From diet to self harm.
I grew up alongside my two brothers is a house where money was scarce. My mother would get her weekly D S S cheque and do the shopping. There was always a scramble for something to eat as we'd been hungry for the past 3 days. I guess that's the start of my lack of control over eating. Stability arrived when I moved out of home at 16. I shared with 2 friends and we budgeted to eat 3 normal meals a day. At last, normality.

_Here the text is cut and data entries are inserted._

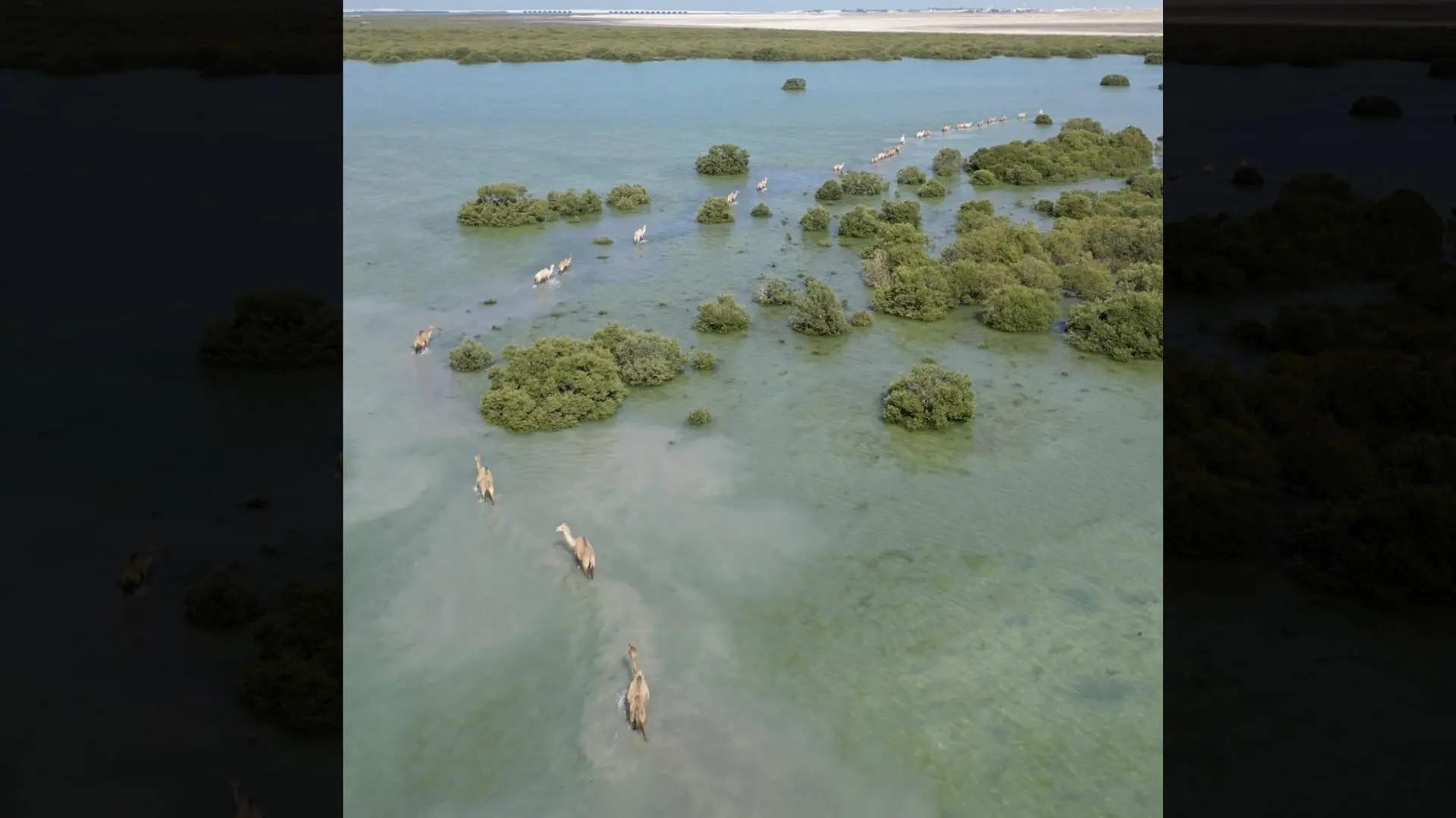 شدّها المشهد وشعرت أنّه يستحق التوثيق. وتُظهر المشاهد الجوية التي وثّقتها مجموعة من الإبل تمشي في المياه، قبل أن تتقدّم لتتجول بين أشجار القرم، أمام خلفية البحر اللامتناهية.
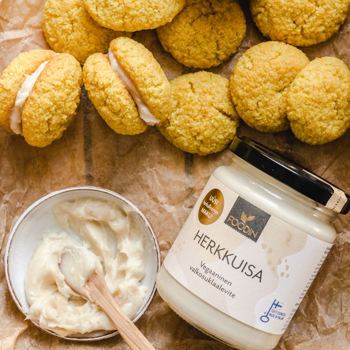 Vinkki: Testaa myös kaakokeksejä lisäämällä kuivien ainesten joukkoon n.0,5 dl Foodin kaakaojauhetta. Tässä tapauksessa voit vähentää sitruunamehun määrää 3 teelusikallisesta ½ teelusikalliseen. Kaakaokeksien väliin sopii valkosuklaa Herkkuisan lisäksi myös hasselpähkinä-raakasuklaa Herkkuisa.
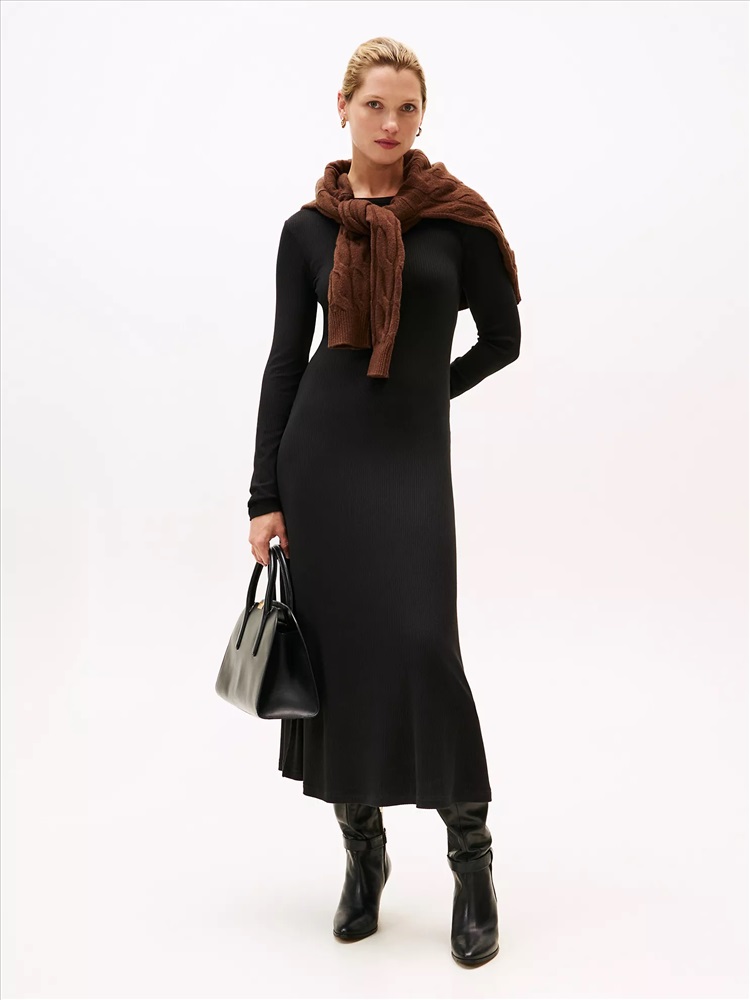 Tommy Hilfiger women's dress. Made from stretchy viscose knit with a subtle rib, this sleek midi dress flows smoothly from its flattering boat neck to its flared hem.

I was at college and fell in love with a guy, we want out for 9 months... It was great. I started to compare myself to other gold. I'm athletic curvy with breasts and a bum, an enviable figure I'm told. I never felt right though, never liked the looks I got; the learning men from the age of 14, it grossed me out. I was a bookworm. I also loved clothes and hate the way my body gets in the wAy of this form of expression. So back to he story... I split up with my boyfriend, I was smoking weed and got paranoid over the the way I looked, thinking of the way or what he looked at. I started to be more in control of my eating and exercise. A Pilates sequence a night, 4 -5 miles swimming a week. Then a day without food, then 3 days without. I finally felt good. It was when I started taking laxatives that my body gave in and I craved food so much I spiralled way put of control. I made myself sick before, but this was now different. I would go on horrific binges, everything I hated- pizza, chips, chicken. It was like self harm, the worst was that I'm not good at throwing up. My face just swells and I gain weight. I had moved away to study fashion design at college, but couldn't control the bulimia. I spent most of my money on binges. My mum knew as she suffered too (this led to her heroin addiction). She felt so bad and blamed herself, she was determined to help me, but addictions are something you have to face yourself as I knew trying to get her off heroin for so long. She died the next year. I dropped out of college and returned to live with my aunt. My aunt had rob lens and is a very bitter woman. We spoke about my problems but I was seen a selfish and vain. It wasn't real, just failed dieting to her.
I find it hard to tell friends because when I'm not in a spiral of binging, I lose weight. Then the comments start " I know you.... You're too thin... Not this path again". This stresses me out so much (and the unwanted attention) that I start the harm again. How can you share a problem when those you trust won't listen? I'm yet to try a group as I'm nervous. I'm in a mix of half week good, half week bad. I like the idea of a diary, but am petrified of someone finding it.
Just reading your site is a start. This has been going on for 15 years and this is the most I've ever told. I feel quite vain doing so, but I guess I need to get over that.